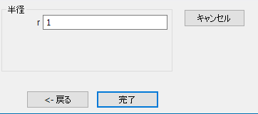 パラメータ入力ダイアログに半径:1を入力し、 をクリックします。
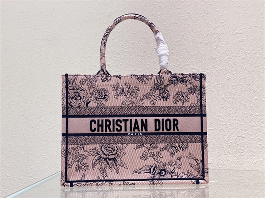 CD Medium Book Tote Jardin Botanique Embroidery Pink
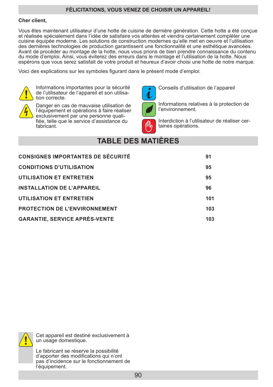 FÉLICITATIONS, VOUS VENEZ DE CHOISIR UN APPAREIL! Cher client, Vous êtes maintenant utilisateur d’une hotte de cuisine de dernière génération. Cette hotte a été conçue et réalisée spécialement dans l’idée de satisfaire vos attentes et viendra certainement compléter une cuisine équipée moderne. Les solutions de construction modernes qu’elle met en oeuvre et l’utilisation des dernières technologies de production garantissent une fonctionnalité et une esthétique avancées. Avant de procéder au montage de la hotte, nous vous prions de bien prendre connaissance du contenu du mode d’emploi. Ainsi, vous éviterez des erreurs dans le montage et l’utilisation de la hotte. Nous espérons que vous serez satisfait de votre produit et heureux d’avoir choisi une hotte de notre marque. Voici des explications sur les symboles figurant dans le présent mode d’emploi: Informations importantes pour la sécurité de l’utilisateur de l’appareil et son utilisation correcte. Danger en cas de mauvaise utilisation de l’équipement et opérations à faire réaliser exclusivement par une personne qualifiée, telle que le service d’assistance du fabricant.
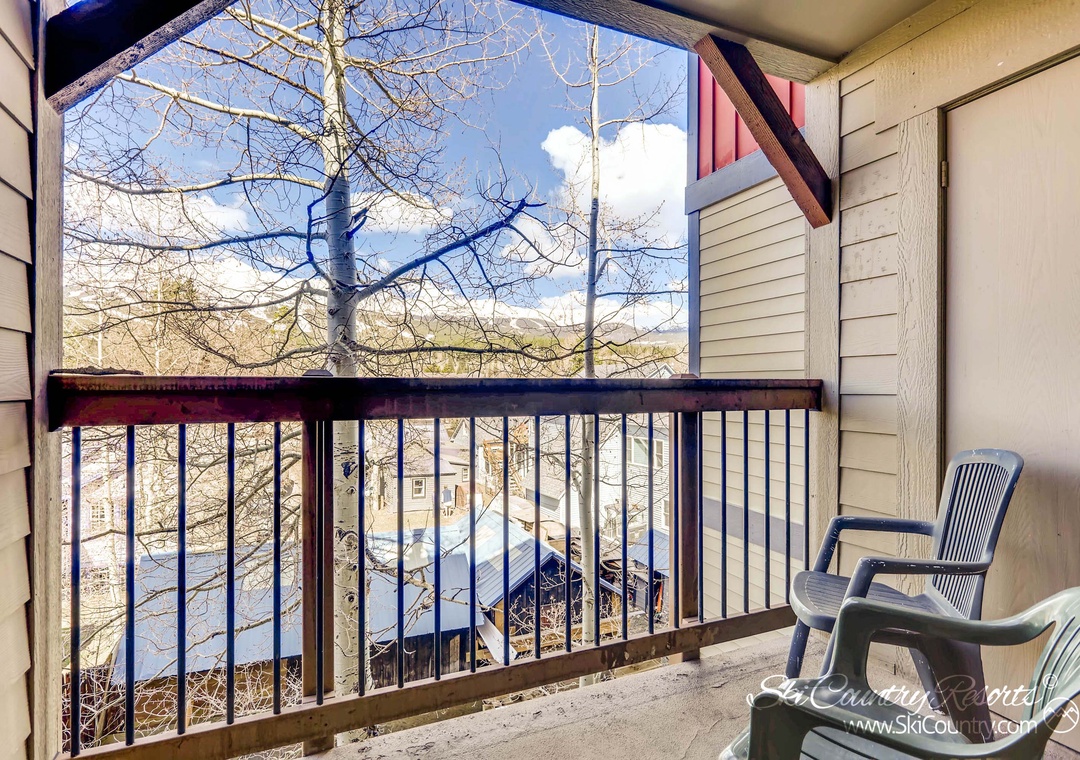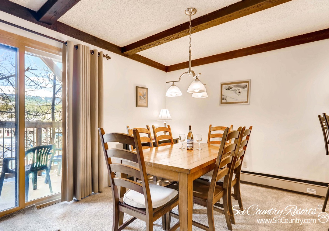 After a day spent exploring Breckenridge's expansive slopes or unique Downtown, cozy up in the living room with a cup of hot cocoa and a good book, sinking into the reclining rocker, loveseat, or plush couch. Feel the warmth emanating from the moss rock gas fireplace as you unwind. Watch your favorite DVDs on the flat-screen TV or simply enjoy quality family time in the open layout of the living room. Step out onto the balcony, just off the living area, and take in the crisp mountain air and breathtaking views and of the surrounding ski area.
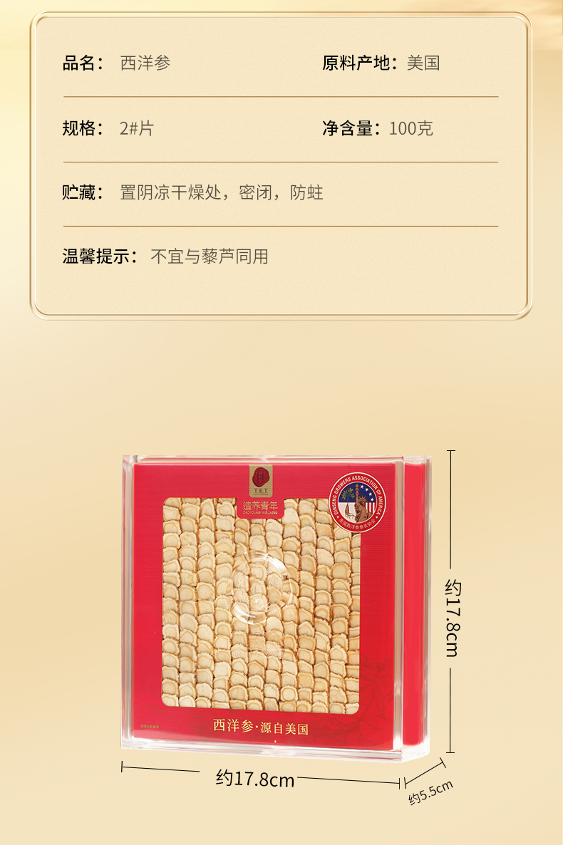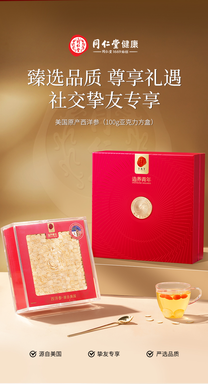 【正宗同仁堂品牌】北京同仁堂 美国西洋参切片礼盒2#片/100克进口花旗参片西洋参含片可磨粉泡水泡酒滋补送父母SY
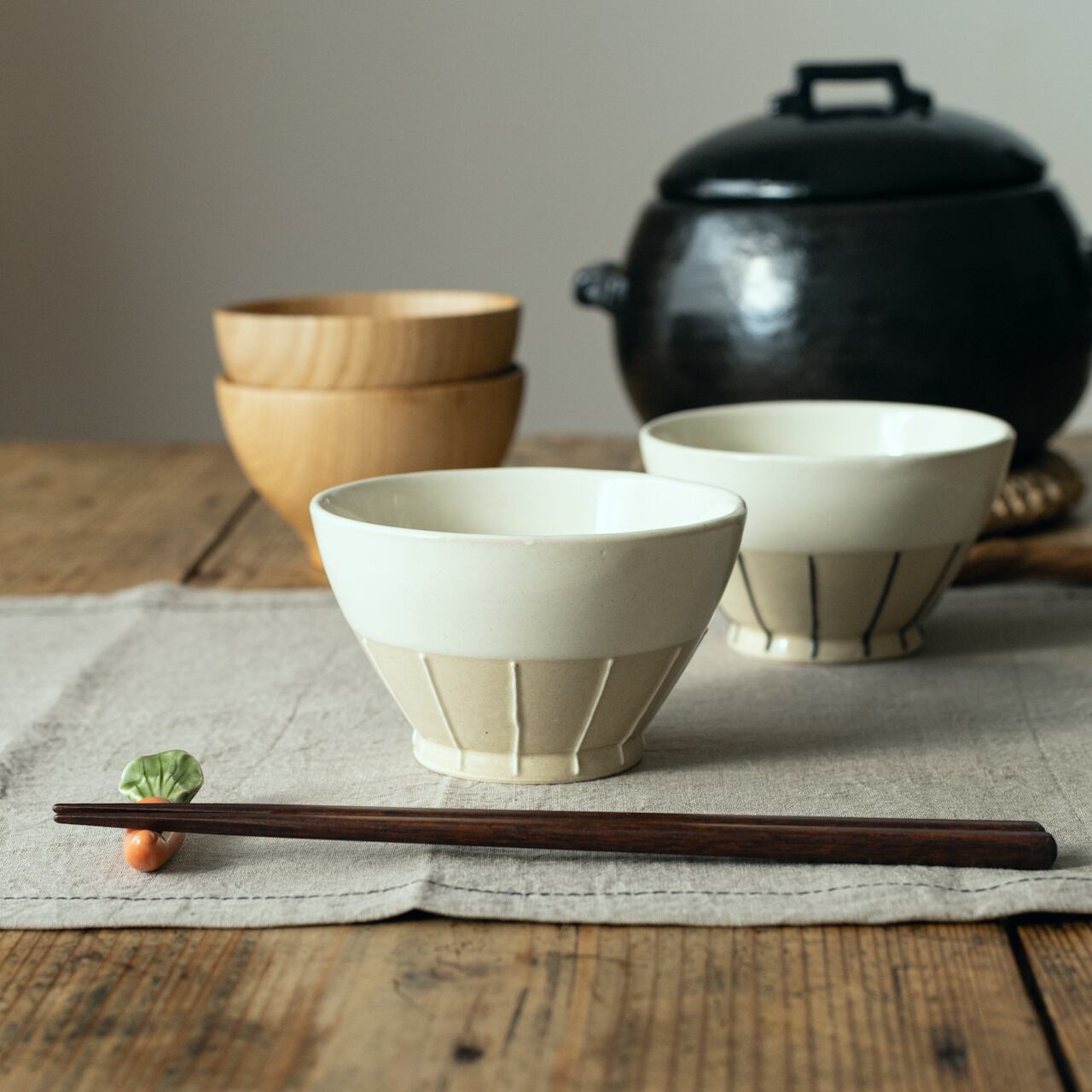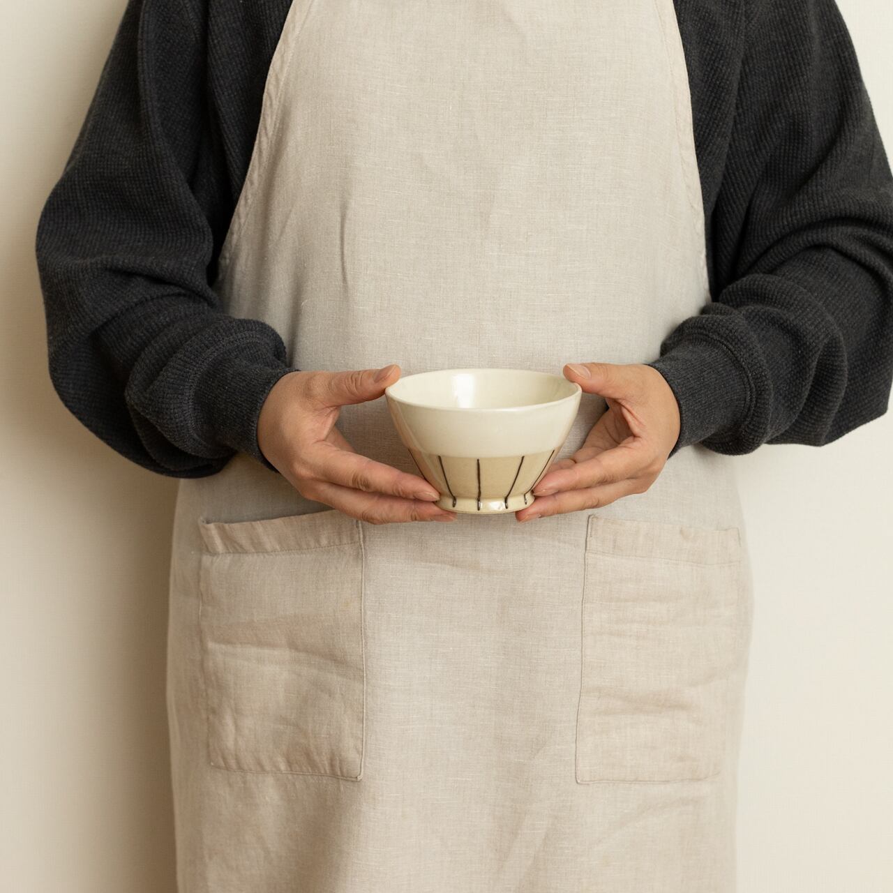 ストライプのラインが手仕事のぬくもりを感じさせつつ、モダンな雰囲気もあるデザイン。毎日の食卓に、ちょっとした遊び心をプラスしてくれる飯碗です。
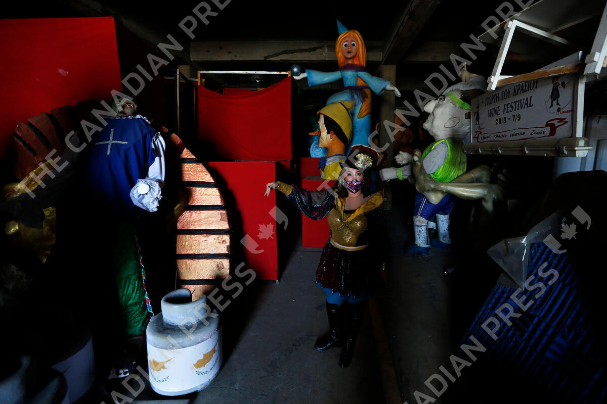 Skevi Antoniadou, a municipality official in charge of organizing Carnival festivities, wearing a face mask and carnival costume, walks inside a warehouse with stored carnival figures in the southern coastal city of Limassol, Cyprus, Thursday, March 4, 2021. The coronavirus pandemic has dampened celebrations this year. Yet Limassol's municipal authorities aren't letting the festive spirit completely wither away. A series of events conforming to coronavirus health protocols will culminate with the secret outing of King Carnival, the lead float that marks the year's Carnival theme. (AP Photo/Petros Karadjias)

+++

(What to do) Could you repeat exactly the lines from the one containing "ストライプのラインが手仕事の" through the last line of the records, both included, without the pictures?

(Task answer)
 ストライプのラインが手仕事のぬくもりを感じさせつつ、モダンな雰囲気もあるデザイン。毎日の食卓に、ちょっとした遊び心をプラスしてくれる飯碗です。
 Skevi Antoniadou, a municipality official in charge of organizing Carnival festivities, wearing a face mask and carnival costume, walks inside a warehouse with stored carnival figures in the southern coastal city of Limassol, Cyprus, Thursday, March 4, 2021. The coronavirus pandemic has dampened celebrations this year. Yet Limassol's municipal authorities aren't letting the festive spirit completely wither away. A series of events conforming to coronavirus health protocols will culminate with the secret outing of King Carnival, the lead float that marks the year's Carnival theme. (AP Photo/Petros Karadjias)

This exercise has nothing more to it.